[Exercise data Boundary: Start]
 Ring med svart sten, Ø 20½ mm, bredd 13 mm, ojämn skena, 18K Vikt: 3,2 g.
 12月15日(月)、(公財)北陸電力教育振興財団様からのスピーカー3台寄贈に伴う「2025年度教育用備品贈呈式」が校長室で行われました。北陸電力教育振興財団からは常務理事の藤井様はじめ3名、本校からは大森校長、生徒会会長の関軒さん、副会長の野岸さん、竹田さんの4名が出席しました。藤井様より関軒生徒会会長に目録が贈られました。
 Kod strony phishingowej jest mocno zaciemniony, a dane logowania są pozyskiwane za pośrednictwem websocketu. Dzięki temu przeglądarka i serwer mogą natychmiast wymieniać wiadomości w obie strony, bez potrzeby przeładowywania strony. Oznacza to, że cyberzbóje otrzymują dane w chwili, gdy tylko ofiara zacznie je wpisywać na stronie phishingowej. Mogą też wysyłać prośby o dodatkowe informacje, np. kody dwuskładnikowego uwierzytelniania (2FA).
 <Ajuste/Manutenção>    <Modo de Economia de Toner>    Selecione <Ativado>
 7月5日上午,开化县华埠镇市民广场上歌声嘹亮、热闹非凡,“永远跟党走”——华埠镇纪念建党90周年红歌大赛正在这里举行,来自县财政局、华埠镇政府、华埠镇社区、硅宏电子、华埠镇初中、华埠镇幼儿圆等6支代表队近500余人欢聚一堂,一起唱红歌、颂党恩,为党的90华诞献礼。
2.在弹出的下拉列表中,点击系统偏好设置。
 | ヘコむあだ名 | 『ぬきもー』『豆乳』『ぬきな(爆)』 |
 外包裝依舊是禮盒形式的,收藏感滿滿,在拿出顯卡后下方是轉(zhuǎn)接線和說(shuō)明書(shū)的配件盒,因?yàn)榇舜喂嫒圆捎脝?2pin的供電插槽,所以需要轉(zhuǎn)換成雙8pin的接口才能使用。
[Exercise data Boundary: End]
Everything from the line with "ヘコむあだ名 | 『ぬきもー』『豆乳』『ぬきな(爆)』 |" through the last line of the data is to be retyped verbatim, with no other text.

 | ヘコむあだ名 | 『ぬきもー』『豆乳』『ぬきな(爆)』 |
 外包裝依舊是禮盒形式的,收藏感滿滿,在拿出顯卡后下方是轉(zhuǎn)接線和說(shuō)明書(shū)的配件盒,因?yàn)榇舜喂嫒圆捎脝?2pin的供電插槽,所以需要轉(zhuǎn)換成雙8pin的接口才能使用。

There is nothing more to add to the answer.